# TASK INSTRUCTIONS:
Once you reach the line with "典礼最后,吕培明、谭晓赟、吴" in the material below, copy each line exactly up to and including the line with "Sweatshirt Basic Armani", and skip the pictures.

# THE DATA:
-- Opening Marker --

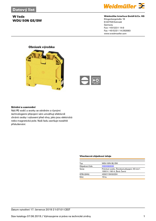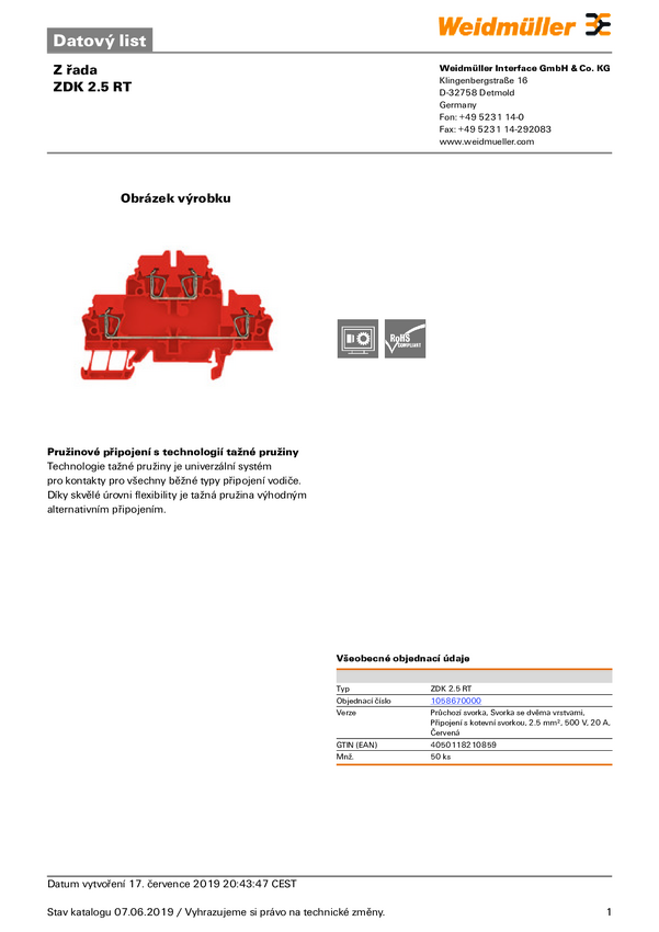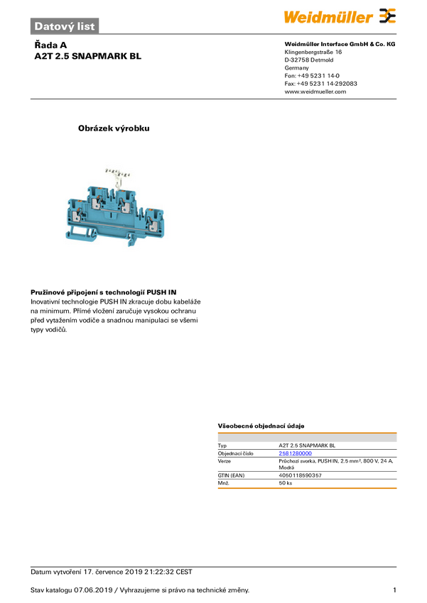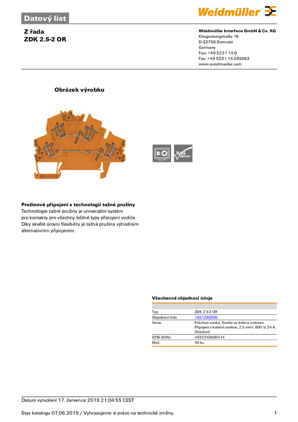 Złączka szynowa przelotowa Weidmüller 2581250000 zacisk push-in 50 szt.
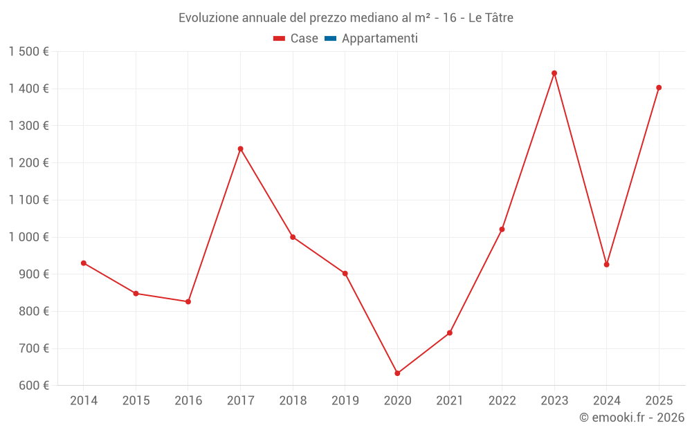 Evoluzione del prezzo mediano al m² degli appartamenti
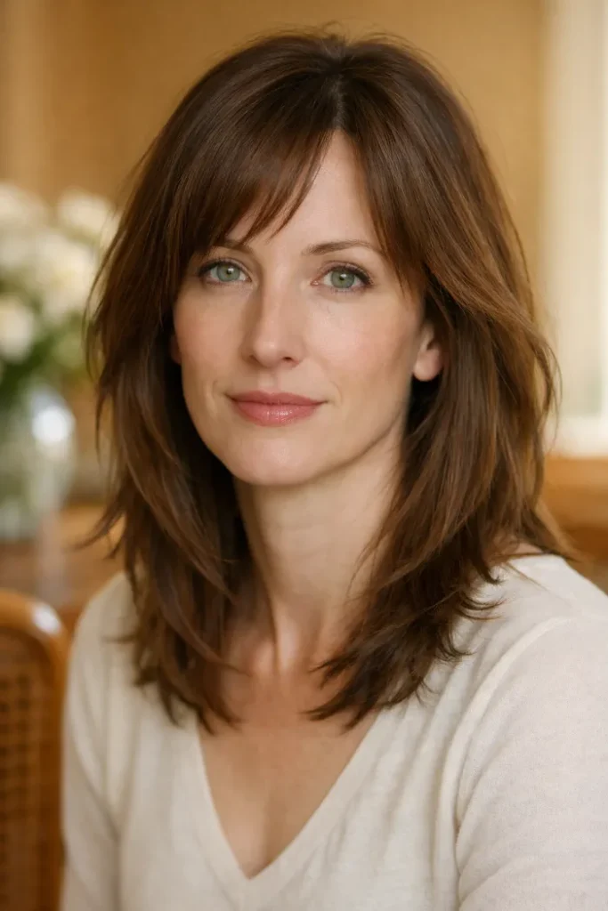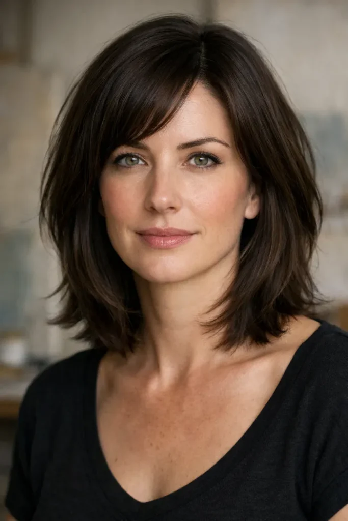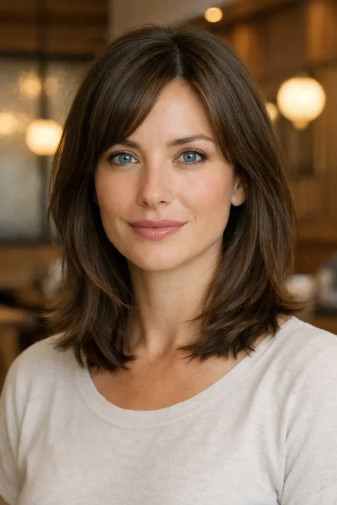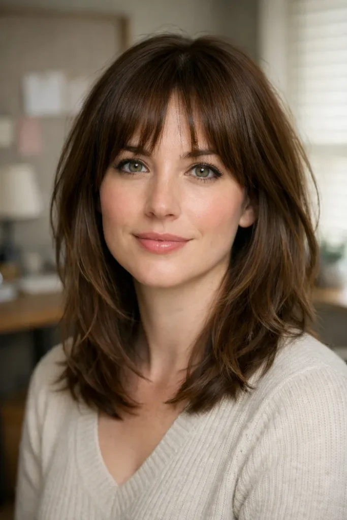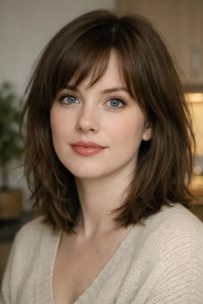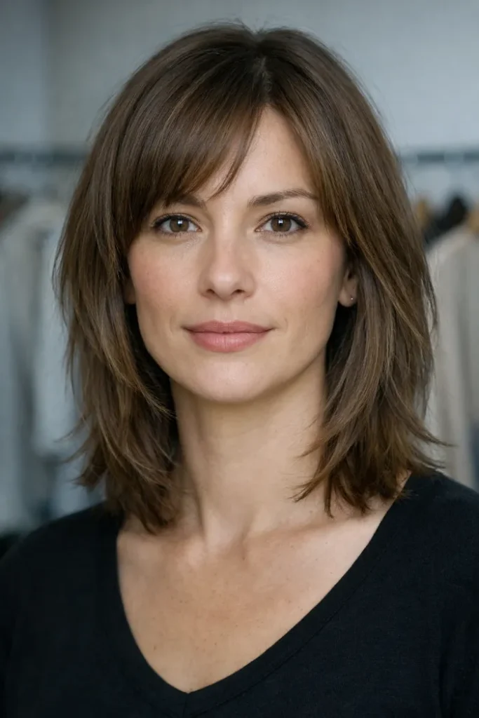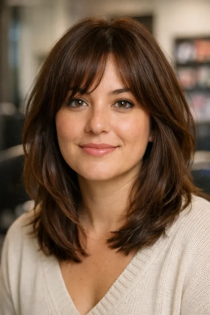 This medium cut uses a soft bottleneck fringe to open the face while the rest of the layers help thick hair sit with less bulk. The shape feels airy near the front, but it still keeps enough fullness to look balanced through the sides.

-- Closing Marker --
-- Opening Marker --

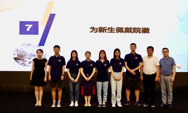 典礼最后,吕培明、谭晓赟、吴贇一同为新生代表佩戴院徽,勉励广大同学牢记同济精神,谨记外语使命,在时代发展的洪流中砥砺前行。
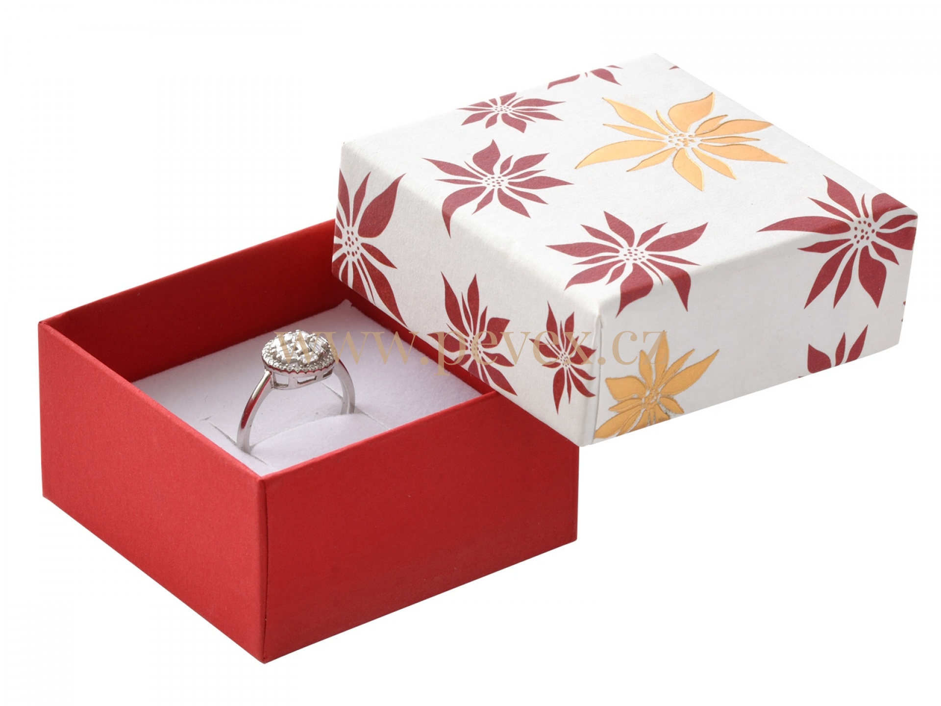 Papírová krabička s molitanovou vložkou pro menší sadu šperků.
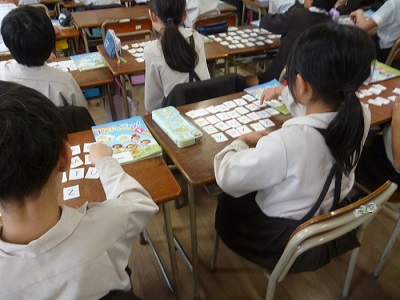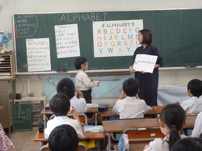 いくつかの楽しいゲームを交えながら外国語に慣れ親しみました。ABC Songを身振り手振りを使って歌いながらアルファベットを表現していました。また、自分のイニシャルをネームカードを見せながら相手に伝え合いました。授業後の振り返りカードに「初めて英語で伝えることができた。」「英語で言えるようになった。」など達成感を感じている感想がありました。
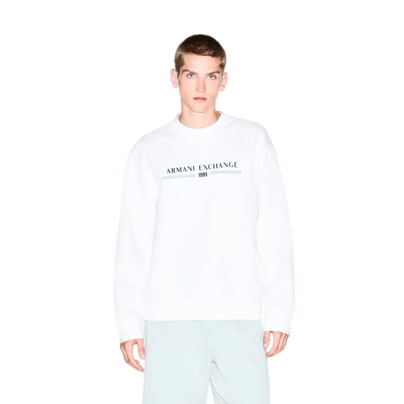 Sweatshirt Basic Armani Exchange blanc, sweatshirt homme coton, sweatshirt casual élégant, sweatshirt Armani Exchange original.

-- Closing Marker --

# EXERCISE ANSWER:
 典礼最后,吕培明、谭晓赟、吴贇一同为新生代表佩戴院徽,勉励广大同学牢记同济精神,谨记外语使命,在时代发展的洪流中砥砺前行。
 Papírová krabička s molitanovou vložkou pro menší sadu šperků.
 いくつかの楽しいゲームを交えながら外国語に慣れ親しみました。ABC Songを身振り手振りを使って歌いながらアルファベットを表現していました。また、自分のイニシャルをネームカードを見せながら相手に伝え合いました。授業後の振り返りカードに「初めて英語で伝えることができた。」「英語で言えるようになった。」など達成感を感じている感想がありました。
 Sweatshirt Basic Armani Exchange blanc, sweatshirt homme coton, sweatshirt casual élégant, sweatshirt Armani Exchange original.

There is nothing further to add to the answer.